Yulia had all the time a vision of Fyodor flitting about so like her husband, but shyer and more restless; he fussed about her and often kissed her hand.

“We are plain people, little sister,” he said, and patches of red came into his face as he spoke. “We live simply in Russian style, like Christians, little sister.”

As they went home, Laptev felt greatly relieved that everything had gone off so well, and that nothing outrageous had happened as he had expected. He said to his wife:

“You’re surprised that such a stalwart, broad-shouldered father should have such stunted, narrow-chested sons as Fyodor and me. Yes; but it’s easy to explain! My father married my mother when he was forty-five, and she was only seventeen. She turned pale and trembled in his presence. Nina was born first⁠—born of a comparatively healthy mother, and so she was finer and sturdier than we were. Fyodor and I were begotten and born after mother had been worn out by terror.
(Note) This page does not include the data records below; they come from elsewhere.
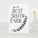 This card features a simple black-and-white design that puts the message front and center. On a white background, the words “BEST SISTER EVER” are written in black, with a casual hand-drawn look and slightly uneven lines. The text sits in the middle of the card, and a small black arrow above the word “BEST” points upward, like a little nudge of emphasis. Along the right side, a black vine curves from the upper-right down toward the lower-right corner, with leaf shapes spaced along a thin stem. At the top of the vine, one leaf is shaped like a small heart, adding a sweet touch ❤️. With just black ink on white, it feels direct and sincere, making it easy to say what you mean without overdoing it. It’s a meaningful way to show affection and appreciation for a sister who feels like a true friend 🥰. Hope it helps you share Valentine’s Day sentiments in a warm, simple way.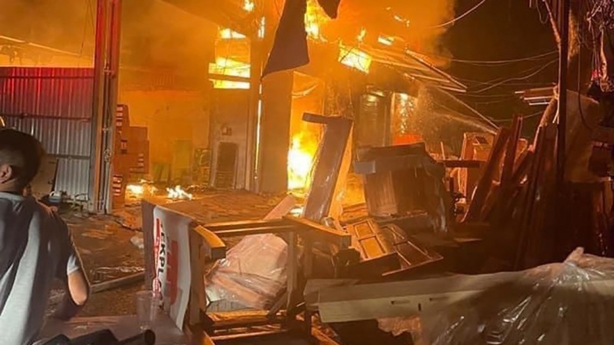 VOV.VN - Vào khoảng 20h35 phút tối 12/12, tại một ngôi nhà 2 tầng làm xưởng gỗ ở thôn Bàn Giữa (xã Hữu Bằng, huyện Thạch Thất, Hà Nội) bất ngờ xảy ra cháy lớn. Lửa và khói bốc lên cuồn cuộn, rồi nhanh chóng cháy lan sang các cửa hàng và nhà xưởng bên cạnh.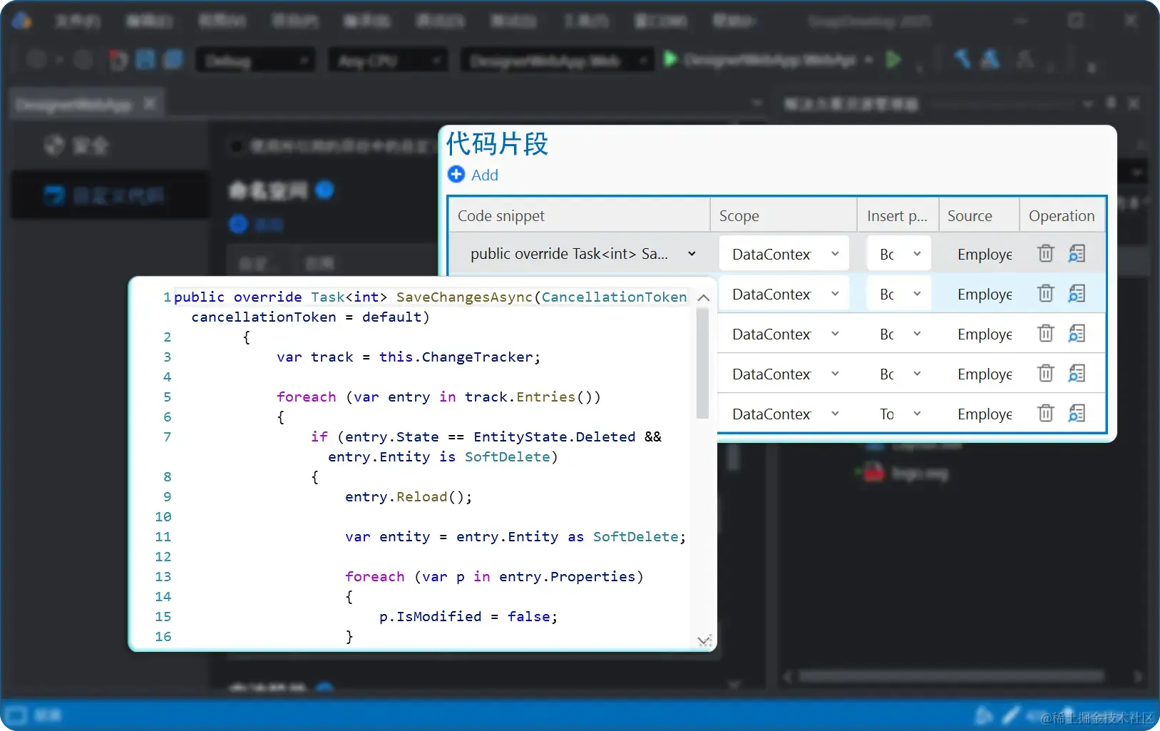 SnapDevelop 会根据所选的表自动生成实体设计器文件,并且默认已添加基本的服务和 API。
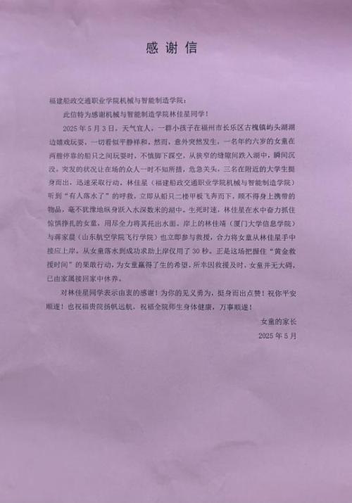 5月3日,福州市長樂區(qū)古槐鎮(zhèn)嶼頭湖游船上一兒童腳下踩空,不慎落水。機械與智能制造學院2023級智能工程機械運用技術(shù)2班林佳星同學正在此游船上看風景,聽到呼救聲后,他立即挺身而出,毫不猶豫跳入湖中將落水的女童成功救起。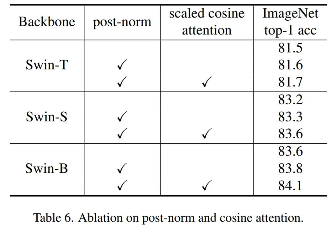 post-norm 和缩放余弦注意力的消融实验:下表 6 展示了 post-norm 和缩放余弦注意力方法应用于原始 Swin Transformer 方法的性能表现。可以看到,这两种方法都提高了 Swin-Tiny、Swin-Small 和 Swin-Base size 的准确率,整体提升分别为 +0.2%、+0.4% 和 +0.5%,表明它们对更大的模型更有益。

I can remember my father correcting me⁠—or, to speak plainly, beating me⁠—before I was five years old. He used to thrash me with a birch, pull my ears, hit me on the head, and every morning when I woke up my first thought was whether he would beat me that day. Play and childish mischief was forbidden us. We had to go to morning service and to early mass. When we met priests or monks we had to kiss their hands; at home we had to sing hymns. Here you are religious and love all that, but I’m afraid of religion, and when I pass a church I remember my childhood, and am overcome with horror. I was taken to the warehouse as soon as I was eight years old. I worked like a working boy, and it was bad for my health, for I used to be beaten there every day. Afterwards when I went to the high school, I used to go to school till dinnertime, and after dinner I had to sit in that warehouse till evening; and things went on like that till I was twenty-two, till I got to know Yartsev, and he persuaded me to leave my father’s house. That Yartsev did a great deal for me. I tell you what,” said Laptev, and he laughed with pleasure: “let us go and pay Yartsev a visit at once. He’s a very fine fellow! How touched he will be!”

VII

On a Saturday in November Anton Rubinstein was conducting in a symphony concert. It was very hot and crowded. Laptev stood behind the columns, while his wife and Kostya Kotchevoy were sitting in the third or fourth row some distance in front. At the very beginning of an interval a “certain person,” Polina Nikolaevna Razsudin, quite unexpectedly passed by him. He had often since his marriage thought with trepidation of a possible meeting with her.